Rising Trend of Underwater Auto Loans Signals Caution for Buyers

Rising Trend of Underwater Auto Loans Signals Caution for Buyers

Right now, most Americans who drive are in a financial pickle. They are increasingly getting “underwater” or “upside down” on their vehicle loans. In recent months we have witnessed a horrifying explosion of a gruesome trend. Today, millions of people are “underwater” on their auto loans, owing more than their cars are worth at this very moment. In fact, recent data shows that in the second quarter of 2025, an all-time high of 26.6% of trade-ins had negative equity. That’s a marginal upward tick from 26.1% in Q1 of this year. It’s the largest share of trade-ins that were underwater, as a percentage, that we’ve seen in four years.

Continued growth of underwater auto loans is bad news for car buyers and the auto industry alike. The share of people in negative equity increased to a high of 31.9% in Q1 2021. Now, that was the last time it made it anywhere near that high. As negative equity rises, this increase coincides with a significant indicator of a market shift. To avoid defaulting on their loans, increasing numbers of consumers are choosing longer loan terms.

In Q2 2025 borrowers with upside-down loans owed an average of $6,754. This is a slight decline from last quarter’s average of $6,880. Despite this reduction, many drivers may still find themselves underwater as soon as they drive off the dealership lot with a new vehicle.

84-month auto loans are now the most common term length. In second quarter 2023, they accounted for 21.6% of new auto loans, an increase from 19.2% just the quarter before. At the same time, 72-month loans took a dip, making up just 36.1% of new loans, compared to 38.6% last year. While longer loan terms are not a long-term fix, they provide short-term help to cash-strapped consumers making high monthly payments.
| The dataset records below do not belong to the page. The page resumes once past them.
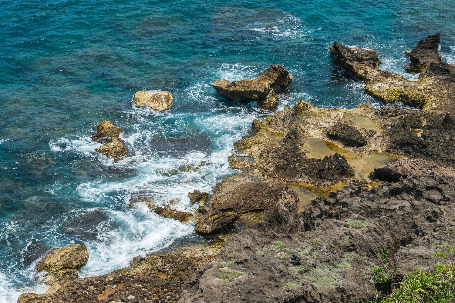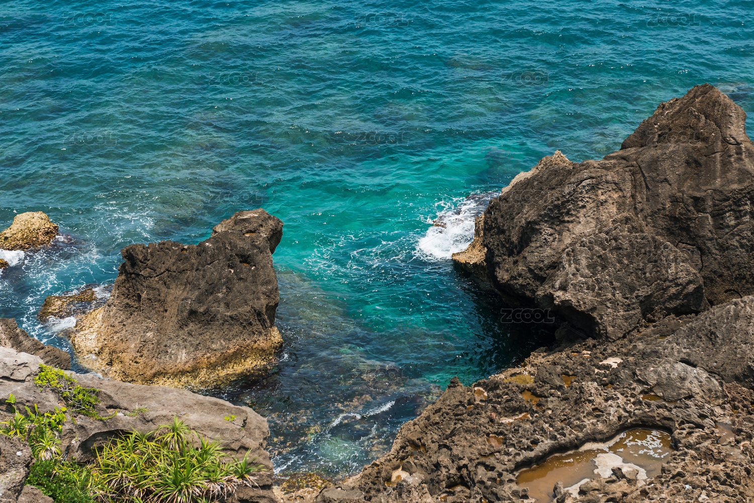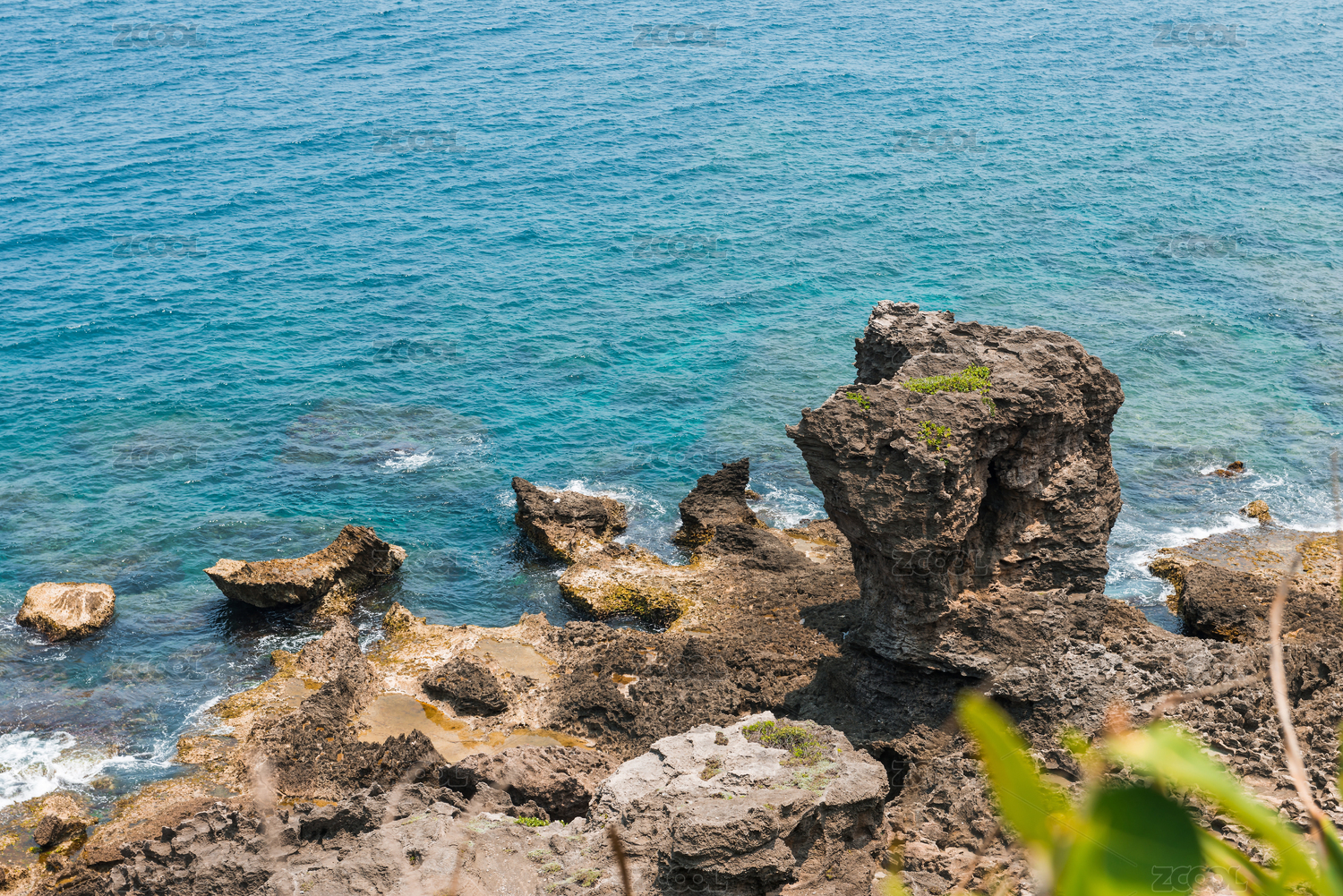中国台湾屏东县垦丁的礁石与斑斓的海面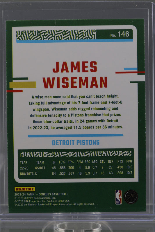 James Wiseman 2023 Donruss Green Laser Holo #146 Detroit Pistons
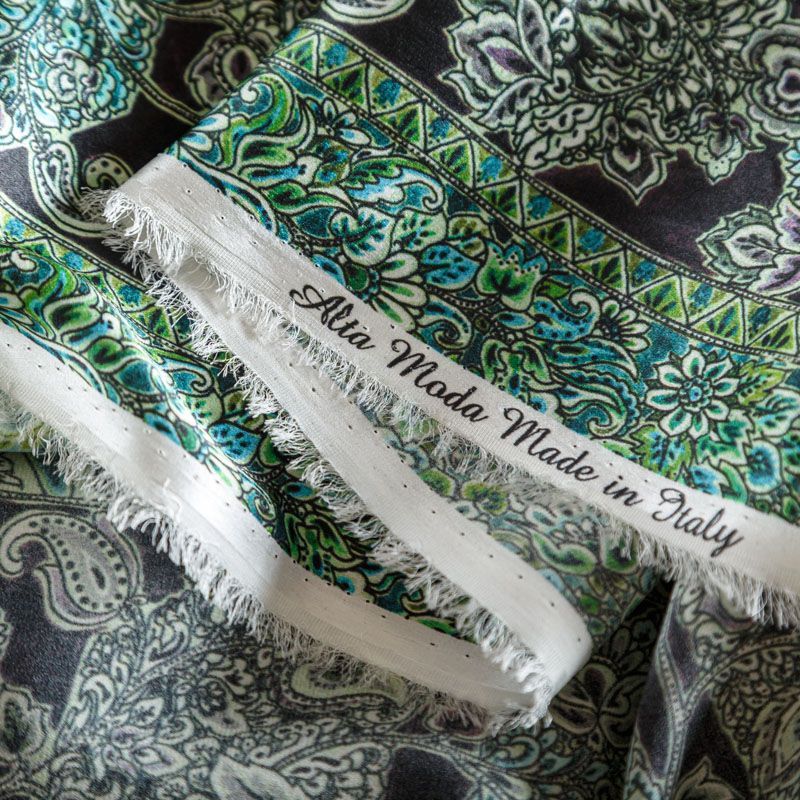 Итальянский атласный шелк с богатым орнаментом в зеленых оттенках.  Ткань тонкая, не просвечивает, отлично драпируется, легкая и струящаяся, тянется за счет эластана в составе. Идеально подойдет для пошива платьев и сарафанов расклешенных моделей, с воланами, летящих юбок, топов, блузки, костюма в пижамном стиле.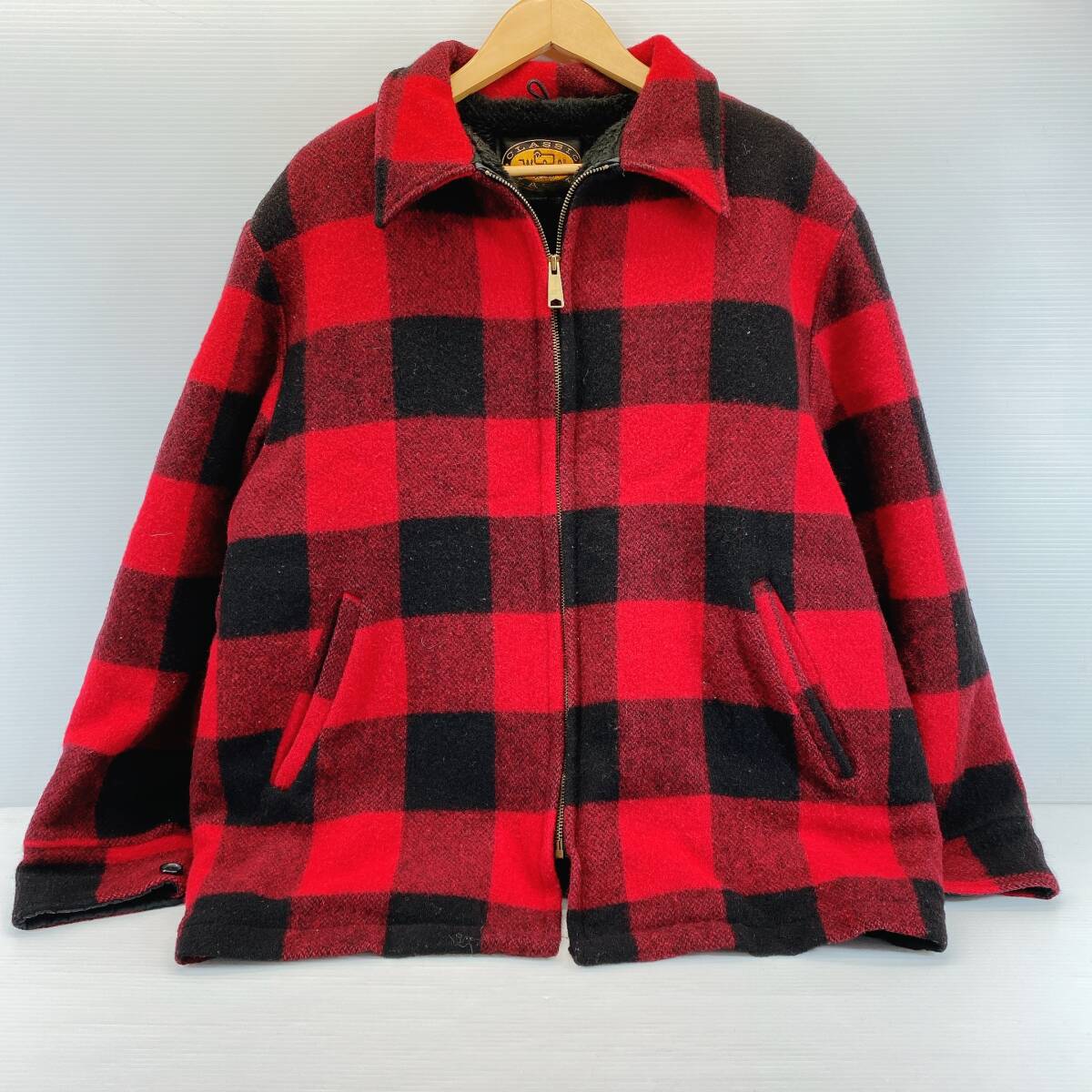 - ■ 良好 ウールリッチ ブロックチェック ウール ジャケット 裏ボア 赤 黒 メンズ WOOLRICH ■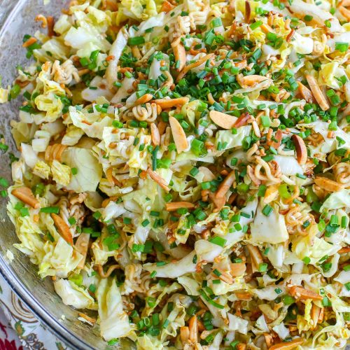 Serving & Storage: Dress the salad just before serving to keep the noodles from getting soggy. If you want it less crunchy, let it sit a few hours and the noodles absorb dressing—my husband likes it this way.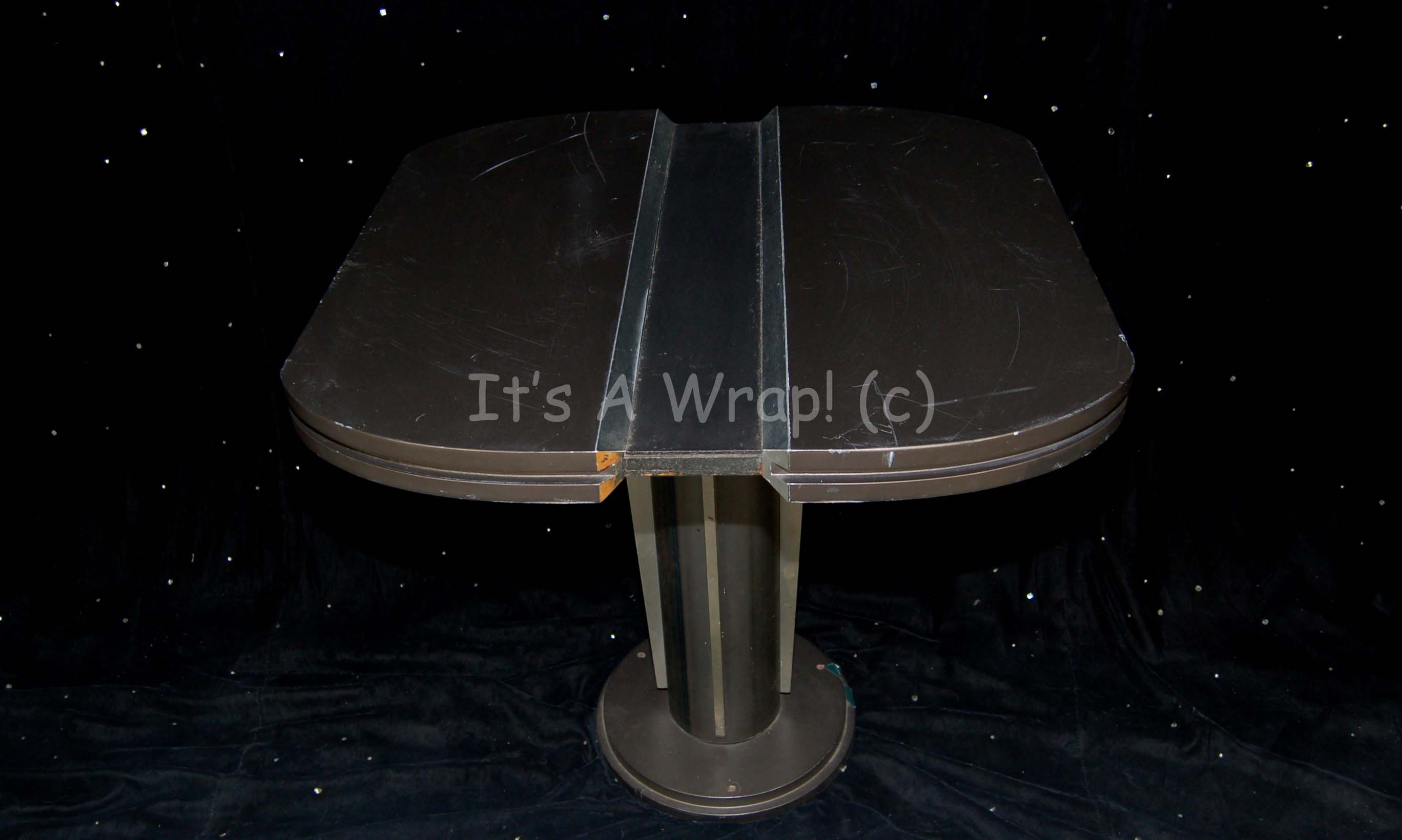 A table appearing variously on the set of the galley in episodes of Star Trek: Voyager and also in the Star Trek: Enterprise episodes like “Horizon”. The table itself is of a vaguely circular shape that is bisected by a silver outlined trough in the middle. The silver outlining continues … |

This change makes long-standing negative equity problems much worse.

Given that cars are depreciating assets, buyers are taking default risks by buying cars without full knowledge and transparency. What consumers are unaware of is that they could already be underwater on their loan as soon as they drive off the lot with a new car. All of these details create key questions for future buyers to be aware of.

“Knowing your credit score and knowing what interest rate you qualify for is important to know upfront.” – Brian Moody

For consumers interested in making their way through this treacherous landscape, there are ways to reduce that risk. Buying gap insurance in addition to collision and comprehensive coverage can better protect car buyers from financial loss. Although this rider on an auto insurance policy might only be an additional $20 per year, the added protection and reassurance are invaluable.

Lengthening the terms of an auto loan is another strategy consumers are likely to use to reduce upfront expenses. Longer loan terms can result in greater total interest payments and the risk of future negative equity by virtue of the term length itself.